For many of us talking (or even remembering) our eleven year old selves made us realize how different we have become. Some of us much happier and some maybe not. I think the one thing we can all agree upon is our past is what has molded us (in so many different ways) to who we are today. This assignment was to help us get out of the box we have been living in. So many times the responsibilities in our lives build these walls of intensity around around us it is hard to see through or past what else makes us who we are. We forget the simple things that can make us happy or even just give us joy.
The assignment/challenge is not over. I would like to propose one of two things. For those of you that maybe looked back into a past that was not something you wanted to remember, or was not how you wished it would have been, I propose a rewrite. Yep, you heard me.
What would you change? How different would you be today? What would you wish more of? Why can’t you re-write it?
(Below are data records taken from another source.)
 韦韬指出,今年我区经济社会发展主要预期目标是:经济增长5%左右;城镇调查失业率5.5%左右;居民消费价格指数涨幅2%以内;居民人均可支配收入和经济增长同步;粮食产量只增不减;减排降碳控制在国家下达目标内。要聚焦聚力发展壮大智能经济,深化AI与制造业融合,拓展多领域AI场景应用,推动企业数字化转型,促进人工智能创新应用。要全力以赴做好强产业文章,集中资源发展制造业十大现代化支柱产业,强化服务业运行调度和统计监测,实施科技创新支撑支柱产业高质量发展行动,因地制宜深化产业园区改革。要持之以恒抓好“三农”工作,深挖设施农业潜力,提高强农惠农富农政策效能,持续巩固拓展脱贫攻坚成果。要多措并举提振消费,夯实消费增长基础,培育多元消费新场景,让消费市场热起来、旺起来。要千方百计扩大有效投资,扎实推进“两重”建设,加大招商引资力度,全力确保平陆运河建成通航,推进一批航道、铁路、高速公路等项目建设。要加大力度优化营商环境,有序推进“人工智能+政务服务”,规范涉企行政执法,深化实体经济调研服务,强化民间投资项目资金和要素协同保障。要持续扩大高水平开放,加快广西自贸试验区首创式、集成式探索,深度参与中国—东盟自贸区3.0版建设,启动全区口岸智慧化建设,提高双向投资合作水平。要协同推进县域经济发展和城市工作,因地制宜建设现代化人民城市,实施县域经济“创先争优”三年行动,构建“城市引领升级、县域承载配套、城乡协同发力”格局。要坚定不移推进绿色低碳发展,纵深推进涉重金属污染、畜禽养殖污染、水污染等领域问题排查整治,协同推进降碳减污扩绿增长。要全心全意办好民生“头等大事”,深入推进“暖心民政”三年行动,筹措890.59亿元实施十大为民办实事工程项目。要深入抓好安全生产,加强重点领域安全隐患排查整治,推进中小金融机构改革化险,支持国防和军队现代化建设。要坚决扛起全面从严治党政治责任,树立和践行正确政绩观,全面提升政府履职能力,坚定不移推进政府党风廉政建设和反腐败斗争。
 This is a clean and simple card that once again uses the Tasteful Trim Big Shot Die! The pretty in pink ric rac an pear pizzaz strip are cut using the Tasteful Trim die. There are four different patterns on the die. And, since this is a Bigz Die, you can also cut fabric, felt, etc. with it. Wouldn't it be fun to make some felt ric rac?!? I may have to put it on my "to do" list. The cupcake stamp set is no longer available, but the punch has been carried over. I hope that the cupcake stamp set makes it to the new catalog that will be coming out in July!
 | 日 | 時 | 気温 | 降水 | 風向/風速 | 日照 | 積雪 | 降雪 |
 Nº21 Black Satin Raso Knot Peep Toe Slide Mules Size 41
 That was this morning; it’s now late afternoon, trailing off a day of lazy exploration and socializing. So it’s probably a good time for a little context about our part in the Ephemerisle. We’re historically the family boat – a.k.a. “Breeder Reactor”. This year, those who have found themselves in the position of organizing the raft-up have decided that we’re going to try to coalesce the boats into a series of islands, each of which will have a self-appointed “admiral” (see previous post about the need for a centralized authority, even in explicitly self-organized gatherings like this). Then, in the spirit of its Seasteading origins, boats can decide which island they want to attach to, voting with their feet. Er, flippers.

If your journey brought you back to a time of a carefree happy time that you may have long forgotten about…imagine that in your life today. How could you recreate it into your current life? It doesn’t have to make sense. Write about how it made you feel.
Sometimes an example helps. Here is one…let’s say you loved to dance. When you danced how did you feel? What is the first emotion that pops into your mind? What does that emotion mean to you? How can you develop more of that emotion into your life today? What in your life today closely resembles that feeling from your past, and how can you embrace more of it.
Overall what I wanted to do was get you to look within and remember your happiness, your possibility. I understand that just because something made you happy when you were young does not mean it will still make you happy now. That wasn’t the point of this. The point was to remember what it felt to be happy. To try and recall that emotion. Remembering how it felt to enjoy something on your own. By keeping in touch with what makes us laugh, smile,helps us remember that we, are important. Our feelings matter and need to be cared for. Reciprocation is needed for healthy giving.
So many of us are fixers, givers, caretakers and pleasers. If you give…give…give… And never allow yourself or remember to receive…your giving ends up being layered in resentment. So…when that voice in your head starts to tell you, that you are being selfish….ignore it. By ignoring it you allow yourself to be valued.
Imagine a pitcher of water. You fill glass after glass with water from that pitcher. Eventually you run out of water. How do you continue to give water from an empty pitcher? You can’t. It’s empty. Do not allow yourself to become empty, or once you are empty, to remain empty. You’re a better you when you’re not depleted.